This invention relates to digital parallel processors or processor arrays of the type having a two dimensional matrix of substantially identical interconnected cells adapted to receive signals from other cells in the matrix to sequentially perform transformational operations on a plurality of input signals to produce an output based upon such operations. Thus, the output of any cell under consideration is dependent upon the results of operations performed by neighboring cells, which results are received as inputs by such a cell.
There are many examples of different types of parallel processors or processor arrays in the prior art. Over the years, in particular, dating back into the 1950's, many studies have been made by scientists and researchers concerning the properties of cell arrays and cell masses. Much of this research pertained to studies with intent on understanding and duplicating neuron activity of the human brain, particularly in connection with patterns of learning and recognition.
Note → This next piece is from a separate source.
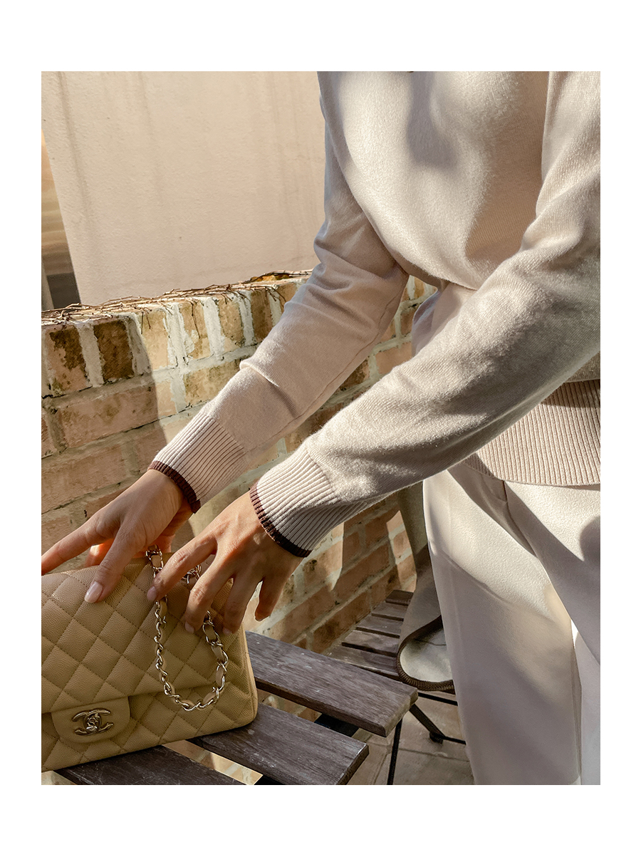 한층 높게 더해진 밑단은 쫀쫀한 시보리로 마감하여

See, for example, the articles of R. L. Beurle, "Properties of a Mass of Cells Capable of Regenerating Pulses", Royal Society of London Philosophical Transactions, Series B: Biological Sciences, Vol. 240 (B669) pp. 8-94 (1956); D. R. Smith et al, "Maintained Activity in Neural Nets", ACM, 1969; and G. M. Edelman et al, "Selective Networks Capable of Representative Transformations Limited Generalizations, and Associated Memory", Proceedings of National Academy of Science, U.S.A., Vol. 79, p.p. 2091-2095, March, 1982.
From these early studies, many new developments have arisen for parallel processing architecture and design wherein each cell structure in a processor cell array have their individual logic capability for processing data as well as limited memory or storage capacity. These developments were, in part, moved forward by the combination of (1) a need for processing, in a timely manner, a myriad of input data and (2) the advent of large scale integration (LSI) and, later, very large scale integration (VLSI). Examples in the literature of such developments are W. H. Kautz, "Cellular Logic-in-Memory Arrays", IEEE Transactions on Computers, pp. 1566-1569, December, 1971; and D. H. Lawrie, "Access & Alignment of Data in An Array Processor", IEEE Transactions on Computers, Vol. C-24, No. 12, pp. 1145-1155, December, 1975.
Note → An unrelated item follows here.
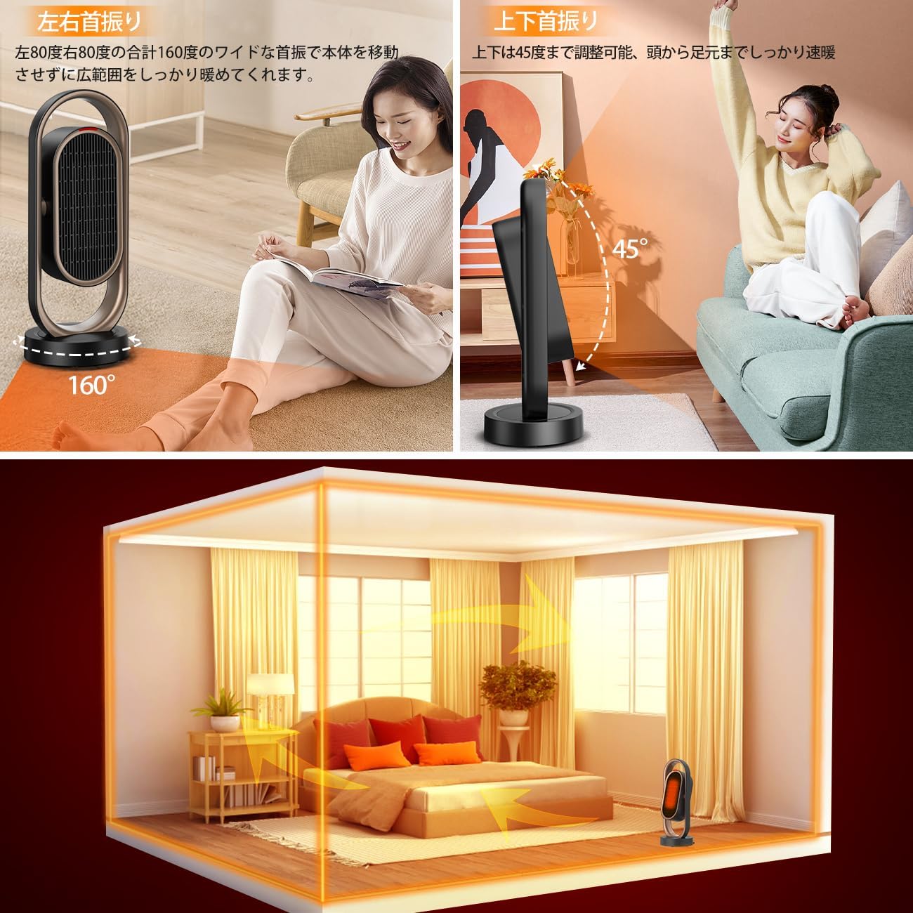 電気ファンヒーター 省エネ ファンヒーター 電気ストーブ リモコン付き

One of the most fundamentally referred to examples of a digital parallel processor in the patent literature is Unger U.S. Pat. No. 3,106,698 comprising a two dimensional matrix of identical processing elements or cells having a logic and storage capability. Each cell is connected to a plurality of neighboring cells and input data or signals may be introduced directly into each cell from an equivalent cell via an input array. Processing in each cell is accomplished under the control of a master control which issues general orders to all of the cells to permit simultaneous processing of the data in each cell and transfer information between cells through multiplexer links. A series of transformations are performed on the input data by the cells to arrive at an output matrix. Other examples of such parallel processor arrays under the control of a master control, such as a central processor or controller, are U.S. Pat. Nos. 4,065,808; 4,215,401; 4,270,169 and 4,395,699.
Some of the best known applications for parallel processors or processor arrays is automatic recognition, analization, digitization and/or classification of patterns, and the process of pictorial information or alphanumeric character type information. An example of such a processor is disclosed in U.S. Pat. No. 4,060,713 relating to analysis of images by comparison of values of image elements with neighboring image elements in a two dimensional processing field. U.S. Pat. No. 4,384,273 discloses an orthogonal array of interconnected array cells with time warping signal recognition for matching signal patterns. Another patent is above mentioned U.S. Pat. No. 4,395,699 relating to an image analyzer system having a processor array for analyzing groups of neighborhood pixel values and selectively transforming the pixel values as a result of such group analysis.
Today, parallel computation holds promises in many fields, ranging from numerical methods and robotics, to cognitive processes such as vision and speech understanding. Recent advances in VLSI technology have made it possible to construct concurrent processor arrays based on a regular array of locally connected elements or cells. Besides their useful applications, such processor arrays have the potential of exhibiting behavior characterized by self-organization, learning, and recognition.
Because of the large number of array cells and associated control means, these arrays are relatively complex in architecture and design. While prior processor arrays have aimed at simplifying these processors, it is a difficult task, particularly where accuracy is a paramount parameter and constraint desired in the processing operation carried out by the array cells.
We have discovered that a processor array may be designed to have a learning capability sufficient for utilization in the above-mentioned applications while not being constrained to a high degree of accuracy, i.e., providing an output immune to errors that may occur in the one or several individual cells of the array. We refer to this immunity as "self-repairing".